It’s just money
Which gets to the heart of the problem with reparations. It’s just money. No amount of money can compensate black Americans for the abuse and persecution endured during and after slavery. In the end, it’s the psychological and cultural effects of this abuse and persecution that are important, not the monetary ones.
With a gross domestic product of 500 billion or so, black America by itself is actually one the world’s richer nations, in the top twenty at least. The bottom half of black America is still poor, by American standards, but a lot of this owes to complex cultural and social issues that can’t be solved merely by writing checks.
Are reparations justified? Sure. The problems created by slavery and the racism that grew out of slavery are American problems, and all Americans have an obligation to contribute to the solution. In becoming an American, you take on both the advantages and disadvantages of this country and its history. You take on both the assets and the deficits. Reparations just aren’t an effective way to address these problems.

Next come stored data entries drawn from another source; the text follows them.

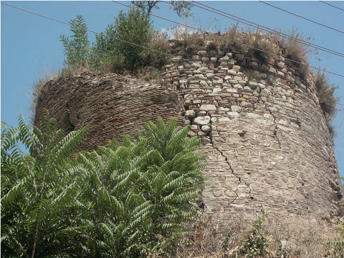
217 Nikomēdeia, Turm 16, Details beider Außenschalen
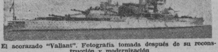
El acorazado «Vallant». Fotografía tomada después de su reconstrucción y modernización

El acorazado «Queen Elizabeth», que según la información precedente se halla en el dique de Alejandría reparando averías, tiene las mismas características del «Vallant», a cuya serie pertenece.
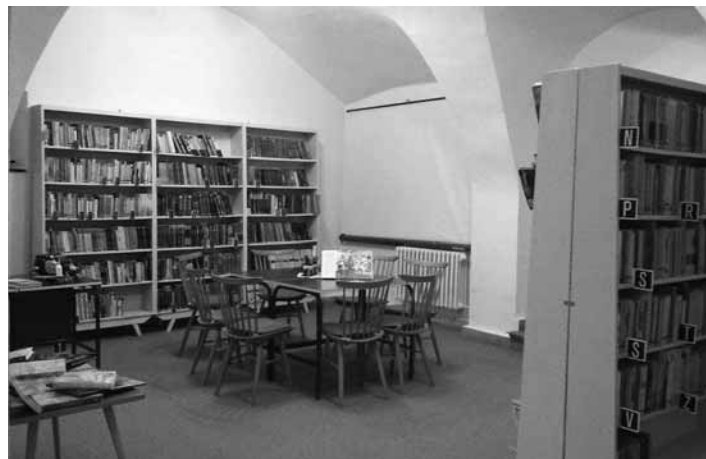
Knižničné priestory Rubigallu na 1. posch.

Hneď prvý marcový týždeň (28.2. – 4.3.) je Týždňom slovenských knižníc (TSK), ktorý odštartovaním intenzívnejších podujatí upozorňuje slovenskú verejnosť na prítomnosť a význam knižníc v našich životoch. Mestská knižnica v Banskej Štiavnici rovnako pripravuje niekoľko aktivít, ktorými chce postupne oživiť nielen svoje priestory, ale najmä vzťah ku knihe, čítaniu a knižnici ako priestoru pre kultúru, stretávanie sa, vymieňanie si čitateľských zážitkov, zdieľanie skúseností, vedomostí, pocitov a názorov. Knižnica je neutrálnou pôdou na takéto zdieľania a zároveň poskytovateľom a sprístupňovateľom písaného a tlačeného slova, ktoré v nezanedbateľnej miere dokáže ovplyvňovať naše životy. Tešíme sa na návštevy malých i veľkých, či už na informatických hodinkách pre deti a mládež, alebo na podujatiach, ktoré budeme postupne ponúkať. V najbližších

Middle class black people don’t need the relatively small sums of money that reparations could provide. Poor black people don’t need ready cash so much as they need job skills, drug treatment, better schools, better law enforcement, and less isolation from the mainsteam of society. Reparations don’t directly address any of these isssues, and may in fact take resources away from them.
From a legal standpoint, reparations for slavery per se are almost impossible to pursue. Almost all of the people born into slavery died before 1970. There are no victims to file suit.

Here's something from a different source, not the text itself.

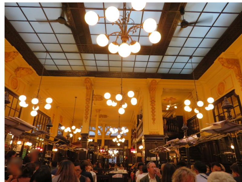
フランス・パリのビストロで晩御飯
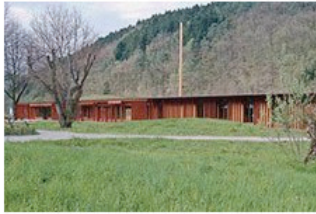
Moderner Holzbau 08 Empfangsgebäude Freilichtmuseum Vogtsbauernhöfe in Gutach Werkgruppe Lahr

A much stronger case can be made for reparations for Jim Crow. There are roughly 15 million black Americans who lived under Jim Crow still alive. These are US citizens who were denied citizenship rights and equal treatment before the law in ways that were both unconstitutional and illegal.
Just because a case can be made doesn’t mean that it should be made. Reparations don’t directly address pressing problems facing the black poor. Education, crime, single parenthood, drug and alcohol abuse, persistent racial discrimination.
There’s ultimately a big difference between money and wealth. Wealth is the capacity to produce goods and services that people want and need, and this capacity is only tenuously related to money.